In one embodiment of the invention, an inlet of a used carbon disulfide rectifying tower T-201 is connected with liquid outlets of secondary flash separators V-201 and V-202, 90% of crude carbon disulfide is recovered by the primary flash separator V-201, 99% of crude carbon disulfide is recovered by the secondary flash separator V-202, part of unreacted hydrogen sulfide is obtained at the top of the rectifying tower T-201 and recycled to a reaction system, and a carbon disulfide product is obtained at the bottom of the rectifying tower. At a separation system pressure of 3MPa and CS2And H2The S accounts for 37.13 wt.% and 52.93 wt.%, respectively, the temperature of the reaction gas is reduced to 20-25 ℃, and CS is separated by first-stage flash evaporation2The recovery rate of the product reaches 90 percent; further cooling the residual gas phase to-5-8 deg.C, performing secondary flash separation, and finally CS2The recovery rate of the product reaches 99 percent. Crude CS obtained by two-stage flash separation2Is sent into the CS2The rectifying tower T-201 is used for rectifying to finally obtain 99.5 wt.% of CS2And (5) producing the product.

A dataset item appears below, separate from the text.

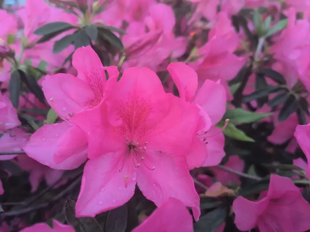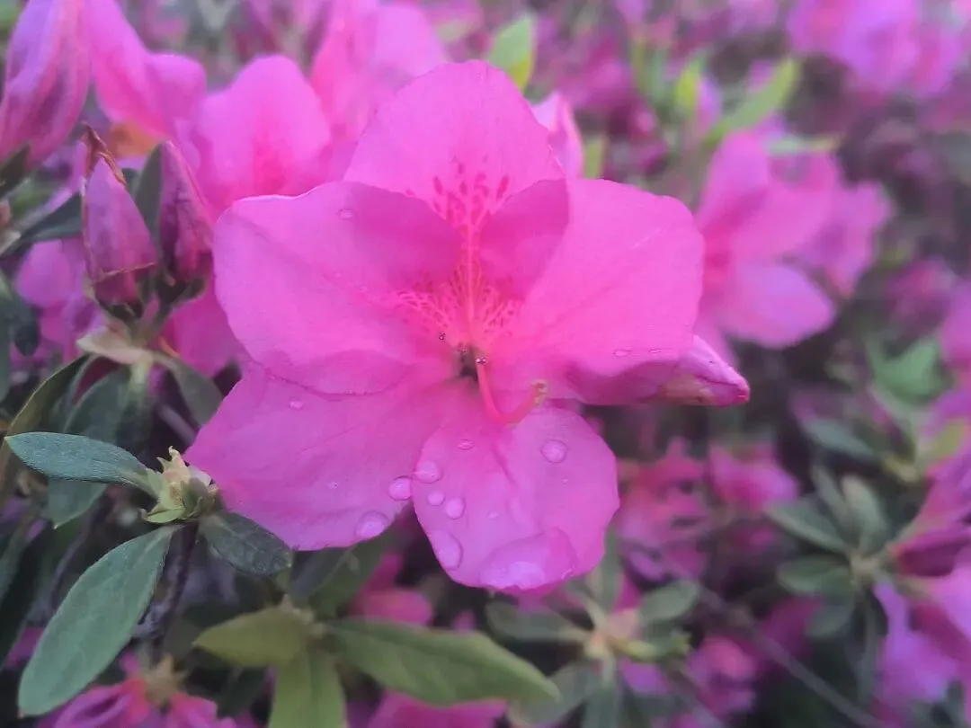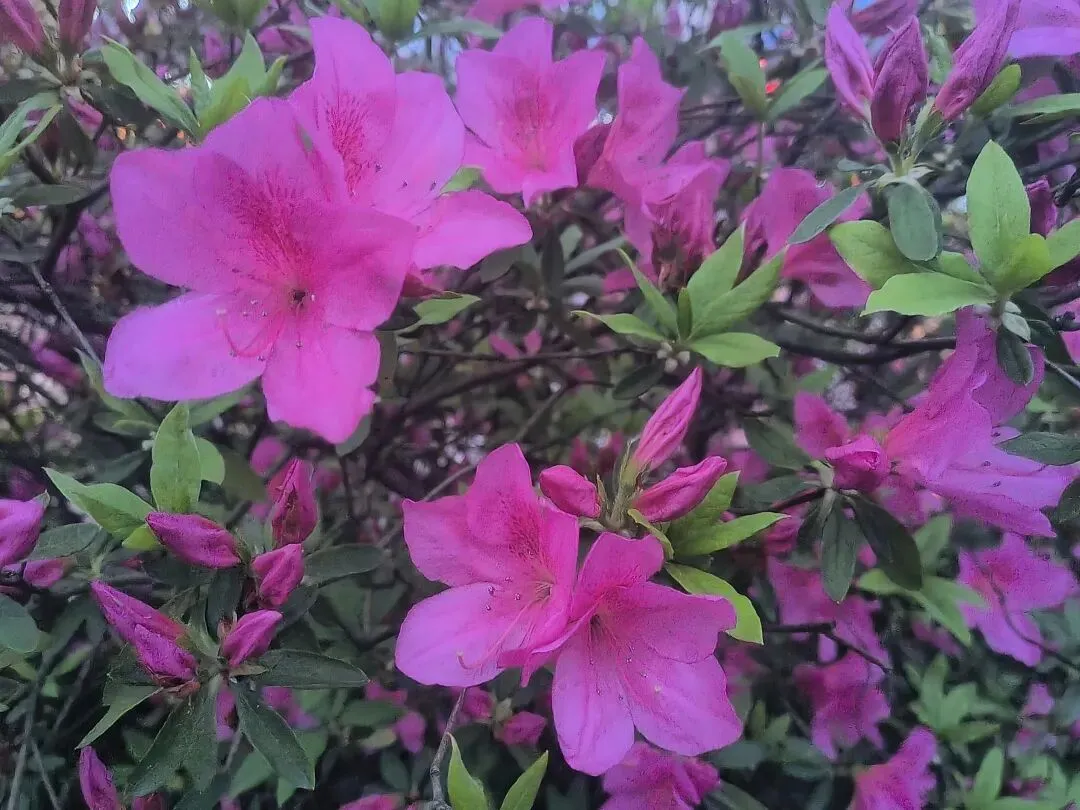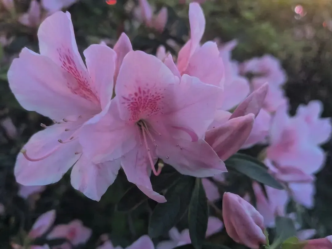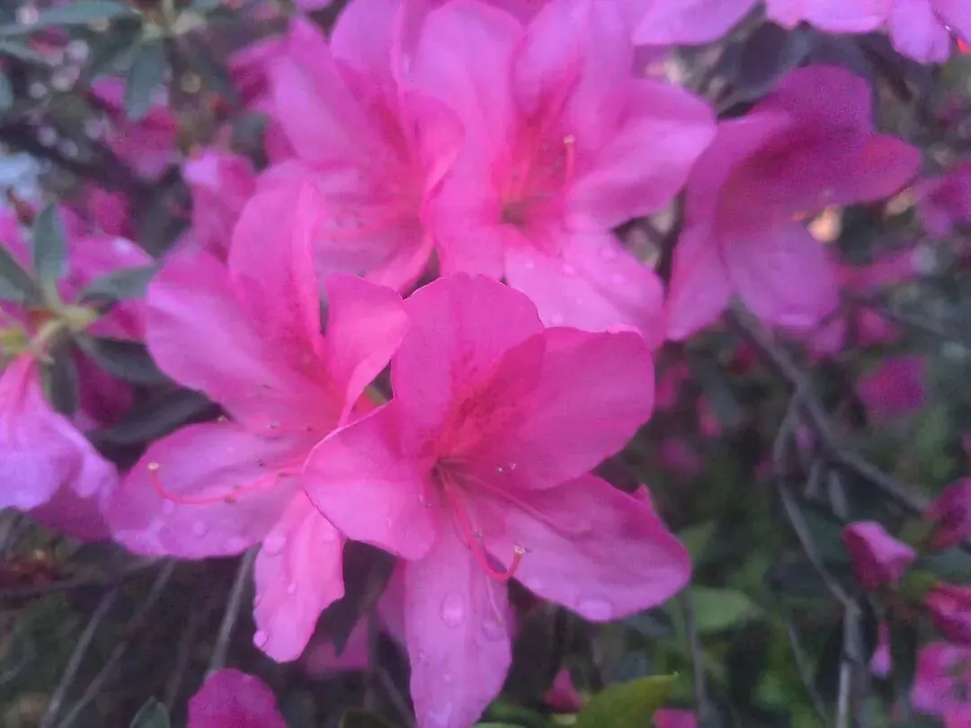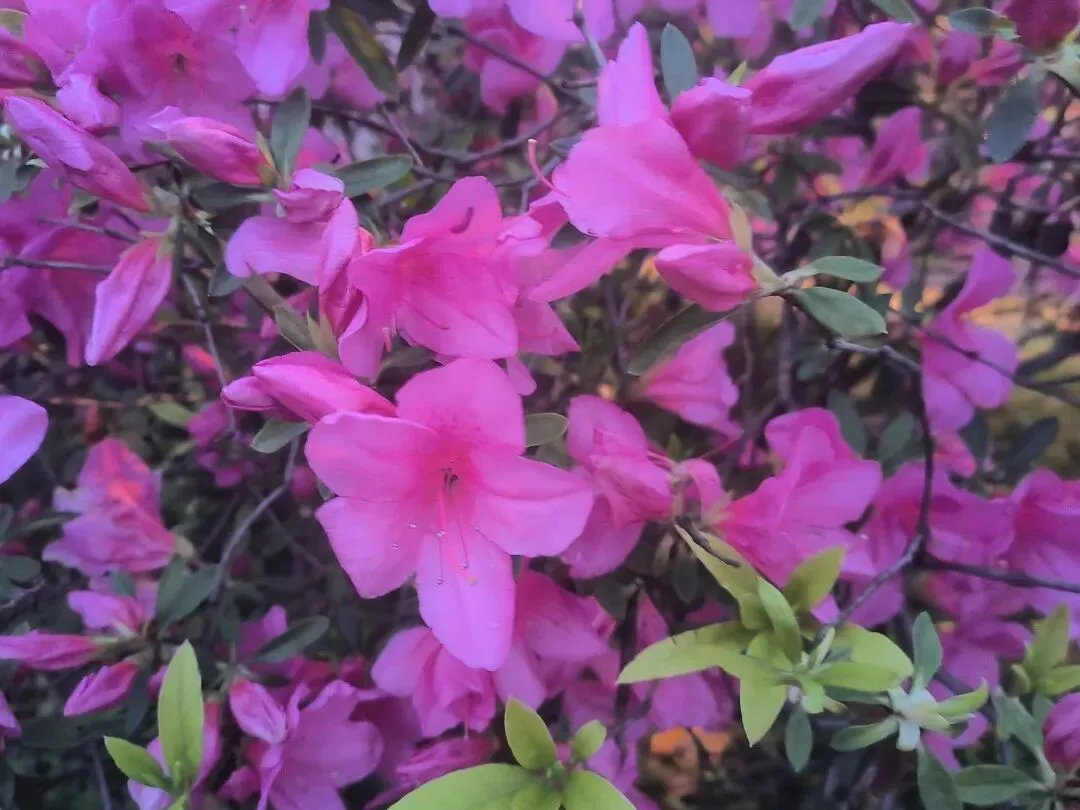 2. 夜景绝绝子:夜晚的杜鹃路自带氛围感,暖黄路灯洒在花瓣上,搭配相机夜景模式,虚化背景后花朵轮廓更清晰,粉红花色在灯光下温柔又高级,还能捕捉到花瓣上的细碎光斑和水珠,比白天更有故事感。

In another preferred example, a heat exchanger E-201 is arranged between the outlets of the flash separators V-201 and V-202 and the inlet of the rectifying tower T-201, and the outlet temperature of the heat exchanger is-5 ℃. The heat exchanger is used for controlling the temperature of the feed entering the rectifying tower.
In another preferred example, a compressor is arranged between the reaction gas II and the inlet of the flash separation tank V-201, and the outlet pressure of the compressor is 2-5 MPa, preferably 3 MPa.

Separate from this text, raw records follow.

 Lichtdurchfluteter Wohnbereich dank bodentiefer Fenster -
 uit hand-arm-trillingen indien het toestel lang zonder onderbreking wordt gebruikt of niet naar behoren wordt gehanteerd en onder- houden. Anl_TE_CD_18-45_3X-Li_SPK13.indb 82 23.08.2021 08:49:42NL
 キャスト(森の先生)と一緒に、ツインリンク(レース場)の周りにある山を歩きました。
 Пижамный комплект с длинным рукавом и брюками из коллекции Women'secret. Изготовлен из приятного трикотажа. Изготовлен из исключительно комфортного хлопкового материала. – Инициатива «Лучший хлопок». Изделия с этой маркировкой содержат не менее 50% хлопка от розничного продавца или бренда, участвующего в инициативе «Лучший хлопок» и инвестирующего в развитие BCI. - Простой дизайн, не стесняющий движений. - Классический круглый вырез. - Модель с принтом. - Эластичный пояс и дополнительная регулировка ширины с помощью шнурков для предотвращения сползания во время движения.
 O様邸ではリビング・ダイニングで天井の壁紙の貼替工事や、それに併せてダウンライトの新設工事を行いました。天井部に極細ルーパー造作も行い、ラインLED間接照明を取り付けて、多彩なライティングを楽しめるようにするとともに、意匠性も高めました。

In another preferred example, the pipeline connecting the compressor and the flash separator V-201 is provided with a heat exchanger.
In one embodiment of the invention, the flash separation tank V-202 has a gas phase outlet and H2The connecting pipeline of the S absorption tower T-301 is provided with a heat exchanger E-301, and the outlet temperature of the heat exchanger E-104 can be-7 to-30 ℃, preferably-20 ℃.
In one embodiment of the present invention, the H2The temperature of an absorption liquid of the S absorption tower T-301 is-20 to-70 ℃, and the pressure is 2 to 5 MPa.
In another preferred embodiment, the H2T-301 operating pressure selection of S absorption towerSelecting the pressure of 3MPa, and selecting the temperature of the absorption liquid to be-40 ℃.
In one embodiment of the invention, a gas-liquid separation tank and a heat exchanger are arranged between the hydrogen sulfide absorption tower and the absorption liquid regeneration tower, the gas-liquid separation tank is connected with the absorption tower, a rich liquid outlet below the absorption tower is connected with an inlet of the absorption liquid regeneration tower, a circulating pump and a heat exchanger are arranged between the tower bottom of the regeneration tower and the connecting pipeline at the tower bottom of the rectification tower, and a gas outlet at the tower top of the regeneration tower is connected with a raw material gas pipeline.
E.g. H2And a pipeline for connecting a rich liquid phase outlet of the S absorption tower T-301 with an inlet of the absorption liquid regeneration tower T-302 is provided with a gas-liquid separation tank V-301 and a heat exchanger E-304, and the gas-liquid separation tank is used for removing non-condensable gas in the rich absorption liquid. Gas phase outlet of the gas-liquid separation tank is recycled to H2A gas phase inlet of the S absorption tower T301; the heat exchanger is used for recovering the cold energy of the rich liquid and improving the energy utilization rate.
In one embodiment of the invention, H2And a rich gas outlet of the S absorption tower T-301 enters a PSA unit for separating methane and hydrogen, the separated methane is circulated back to the reaction system for re-reaction, and hydrogen with the product purity of 99.99% is obtained at the same time.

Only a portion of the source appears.